What the fuck did I get myself into tonight? At the bottom of the stairs—tequila bottle in hand— is Indy with a sinister smile, making me think I might regret promising to have a couple drinks with her before we head to the hockey house.

Indy has all the fixings for a proper tequila shot lined up on our kitchen counter. I hold my empty shot glass to Indy. A waterfall of amber liquid flows into my glass, and my body warms with anticipation. I set down my shot to pour salt on the area between my thumb and forefinger, waiting for my roommates to do the same. Once they’re ready, we lick the salt off our hands, down the shot, and suck the lime.

“I’ll meet you at Marcus’ after the party opens up,” Lola reminds us with a puckered face.

“He said you could come with us if you want. Are you sure you want to wait?”

“It’s fine. I promised some friends I’d meet them for drinks at Jasper’s.”

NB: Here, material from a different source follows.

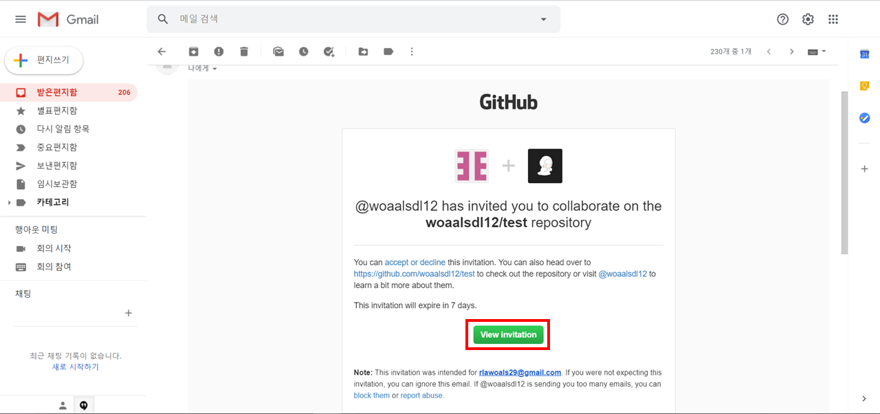 생성자가 보낸 초대장은 Github를 가입할 때 입력한 이메일로 발송된다.
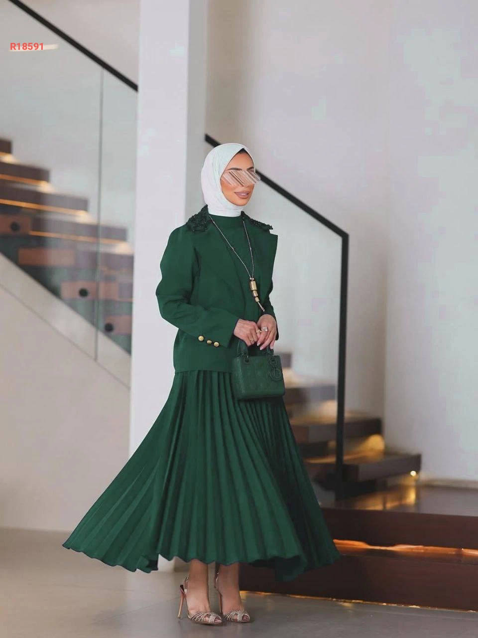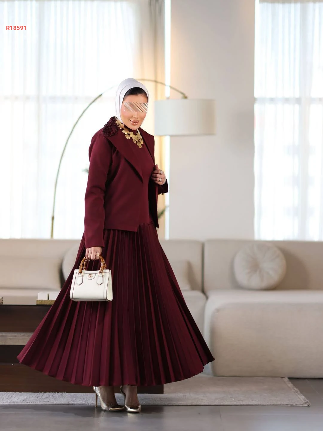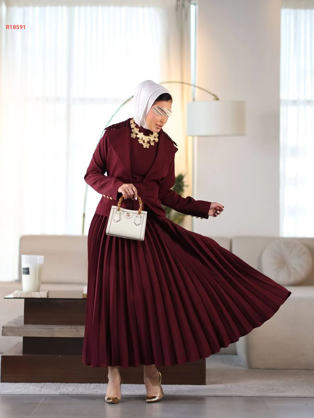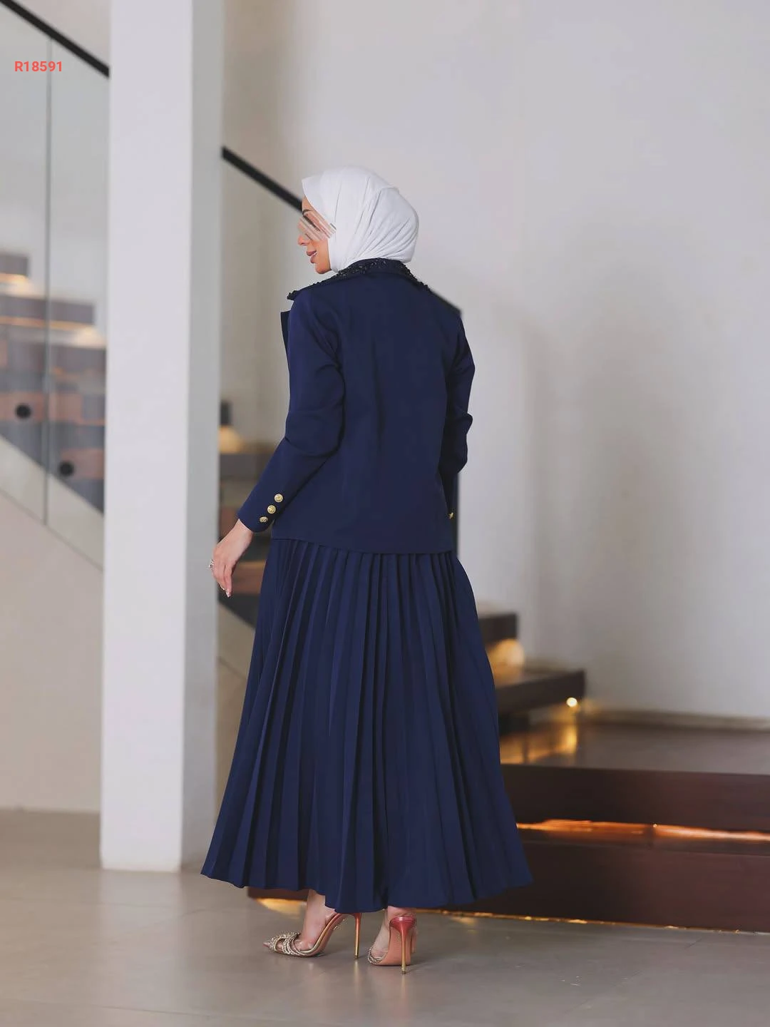 طقم فستان بتنورة كسرات سادة ، مع جاكيت رسمي بياقة عريضة مرصعة بالشك

A small piece of me is jealous of Lola because the few times a semester I do go out, it’s always to Jasper’s. It’s always filled with crowded booths and a packed dance floor. A place you can always count on for a good time. I’d rather have a few fun nightsout with my friends that come with a satisfaction guarantee than stringing a bunch of mediocre weekends together.

“But don’t worry, I’ll be there. Do you really think I’d miss Ivy’s first house party?” she jokes.

I shake my head. “It’s not my first house party,” I responded wryly. “I just have priorities that are bigger than partying.”

The thought of my family sobers me up a little too much for my liking. Tonight’s about me letting loose.

“Let’s take another shot,” I suggest. “I’m ready to have some fun this year.”